- Data below:
▽
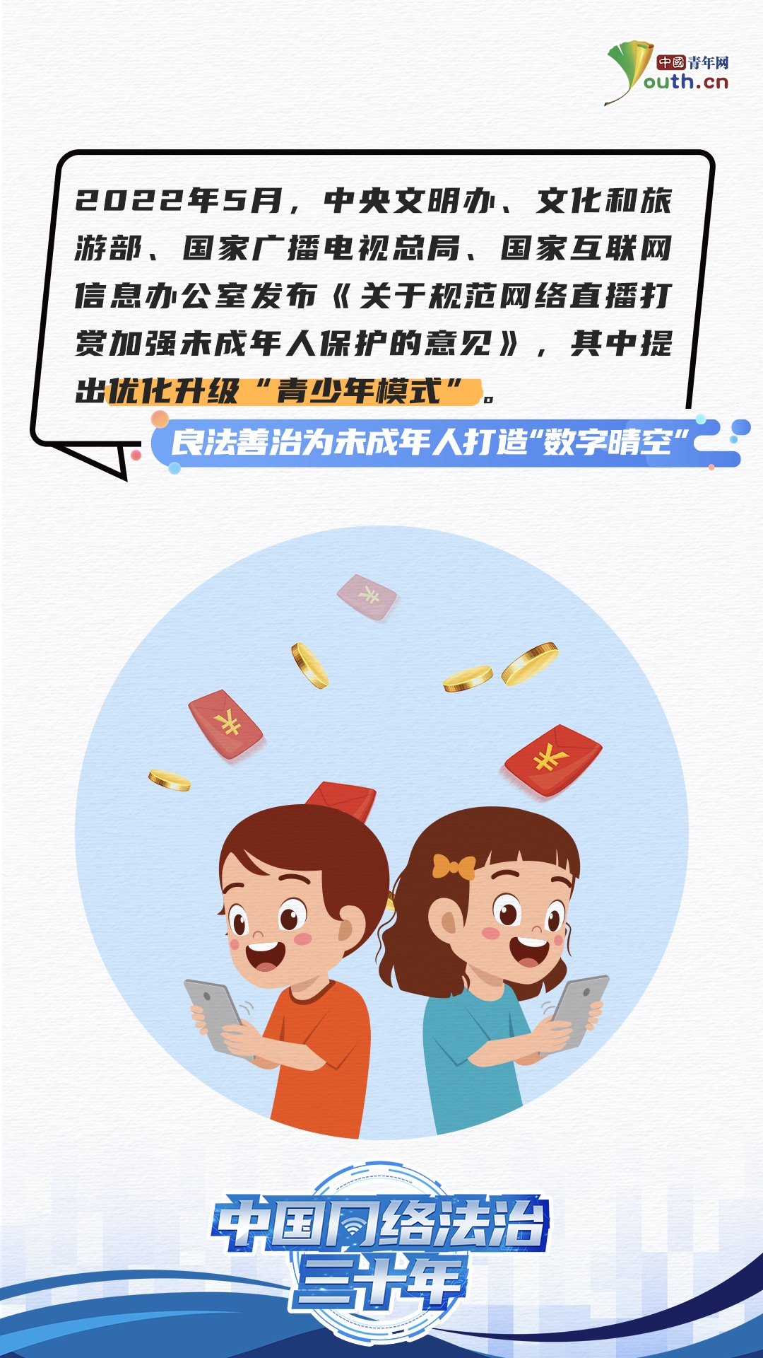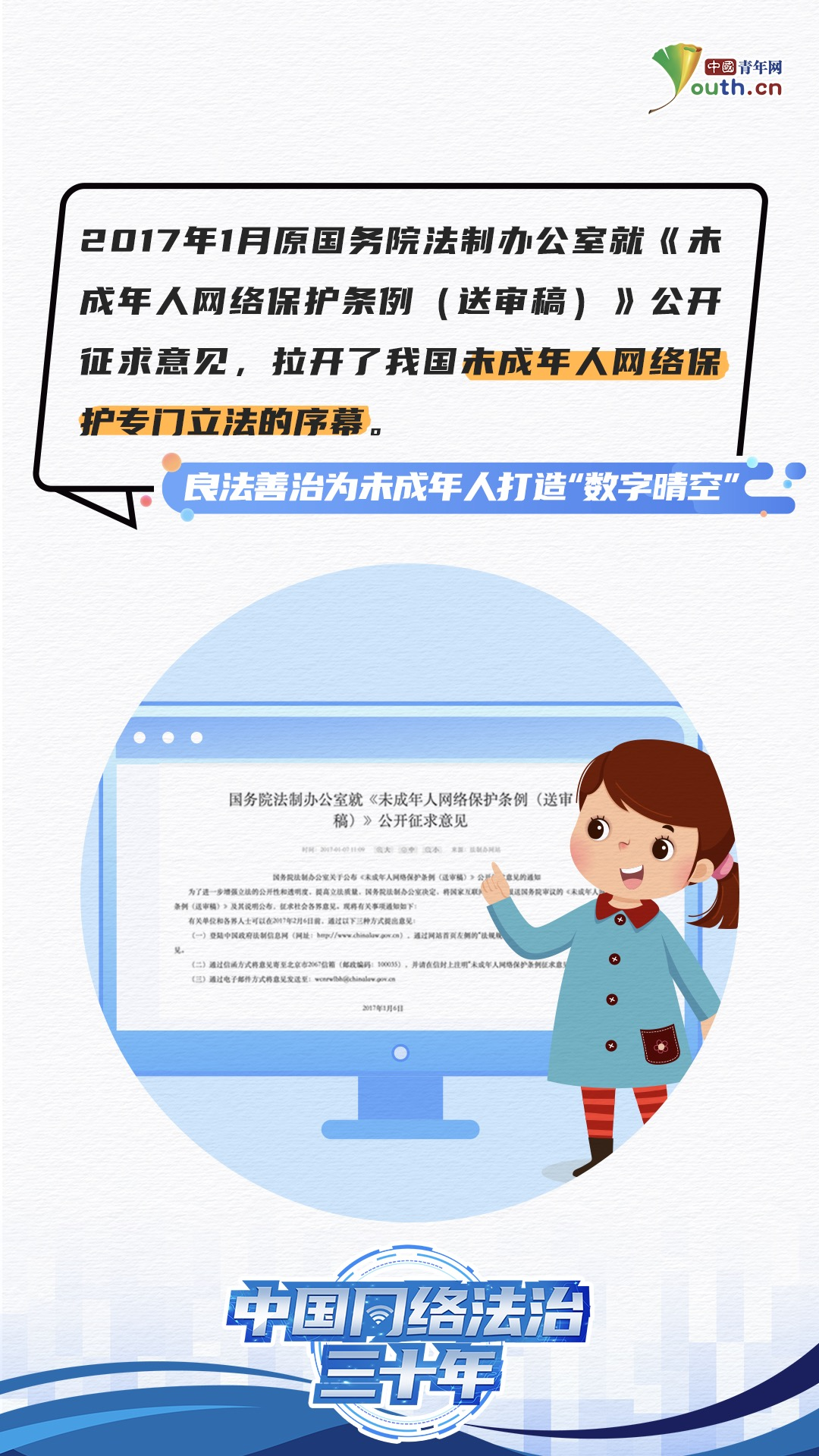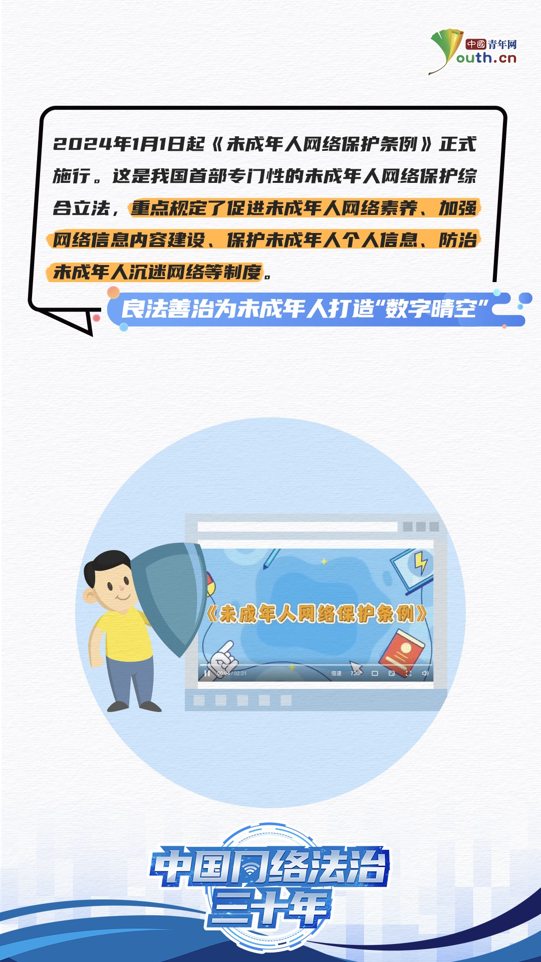 国家网信办副主任王崧在会上表示,2024年是我国全功能接入国际互联网30周年,也是我国网络法治建设起步30周年。“在加强未成年人网络保护方面,我们结合未成年人的特点,对未成年人进行优先保护、特殊保护。注意通过法治手段,加强未成年人网络保护。”王崧提到,近年来,制定《未成年人网络保护条例》《儿童个人信息网络保护规定》,对保护未成年人合法权益作出明确规定,提出明确要求。
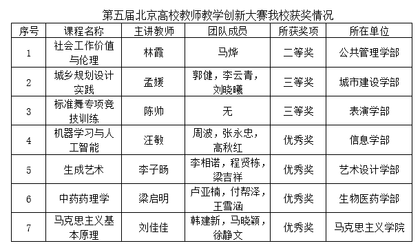第五届北京高校教师教学创新大赛由北京市教育委员会高等教育处主办,大赛以“推动教学创新 培养一流人才”为主题,深入学习贯彻全国教育大会精神,进一步推进教育强国建设与高等教育高质量发展,打造高校教学改革风向标。经各高校推荐,共有395位(个)教师个人(教师团队)进入市级大赛。经专家评审、大赛组委会审定,北京市教育委员会批准,共评选出一等奖27项、二等奖50项、三等奖82项、优秀奖118项。
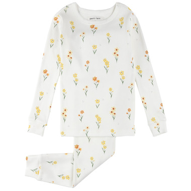 petit lem Ribbed PJ Set Daffodil Print on Off White
△
- Exercise: Apart from the pictures, all of the data should be repeated exactly.

- Response area:
 国家网信办副主任王崧在会上表示,2024年是我国全功能接入国际互联网30周年,也是我国网络法治建设起步30周年。“在加强未成年人网络保护方面,我们结合未成年人的特点,对未成年人进行优先保护、特殊保护。注意通过法治手段,加强未成年人网络保护。”王崧提到,近年来,制定《未成年人网络保护条例》《儿童个人信息网络保护规定》,对保护未成年人合法权益作出明确规定,提出明确要求。
第五届北京高校教师教学创新大赛由北京市教育委员会高等教育处主办,大赛以“推动教学创新 培养一流人才”为主题,深入学习贯彻全国教育大会精神,进一步推进教育强国建设与高等教育高质量发展,打造高校教学改革风向标。经各高校推荐,共有395位(个)教师个人(教师团队)进入市级大赛。经专家评审、大赛组委会审定,北京市教育委员会批准,共评选出一等奖27项、二等奖50项、三等奖82项、优秀奖118项。
 petit lem Ribbed PJ Set Daffodil Print on Off White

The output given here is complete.